The derivative of the detector response with respect to the particle energy is
\[ \frac{dL}{dE_0} = S(E_0),\]and Birks' law can be linearized as
\[ \left( \frac{dL}{dE_0} \right)^{-1} = \frac{1+ kB \cdot \frac{dE}{dx}}{S_0}\]The data for the dependence $L(E_0)$ are not available in large quantity, so numerical differentiation is not feasible.
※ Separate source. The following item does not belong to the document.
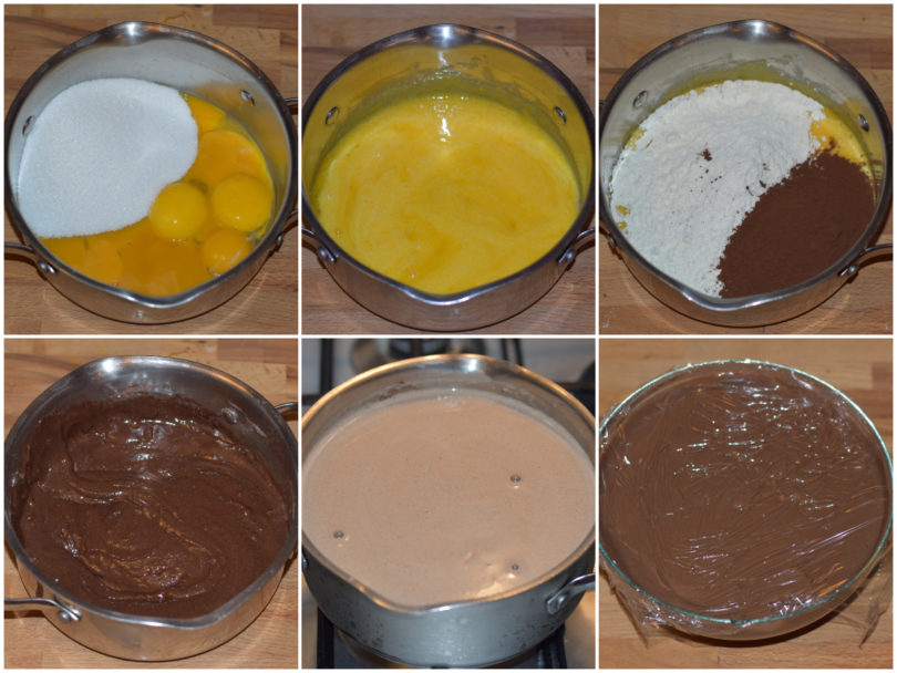Trasferite in un pentolino e cuocete a fiamma bassa per farla addensare, mescolando costantemente, poi spostate in un contenitore freddo, coprite con pellicola per alimenti a contatto e lasciare raffreddare.
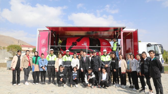Polis memuru Semih Demirel, Mobil Trafik Eğitim Tırı ile ülkeyi dolaştıklarını belirterek, "Bugün de Başkale'deyiz. Bu sayede öğrencilerimize trafik bilincini aşılamaya çalışıyoruz. İlk olarak tırın içinde teorik eğitimler veriyoruz, daha sonra çocuklarımızı parkura alıyoruz. Öğrendiklerini uygulamalarını sağlıyoruz." dedi.

As an alternative, we approximate the function $L(E_0)$
\[L = a E_0^4 + b E_0^3 + c E_0^2 + d E_0\]so that
\[\frac{dL}{dE_0} = 4 aE_0^3 + 3b E_0^2 + c E_0 + d \tag{1}\]

The fitting results are:
\[
\begin{cases}
a=5.218 \cdot 10^{-3} \text{MeV}^{-4} \\
b=-2.185 \cdot 10^{-1} \text{MeV}^{-3} \\
c=3.810 \text{MeV}^{-2} \\
d=14.62 \text{MeV}^{-1}
\end{cases}
\]

Now let us plot the linearized graph by calculating the values of $dL/dE$ using the equation (1). The value of $kB$ is the ratio of the slope to the offset.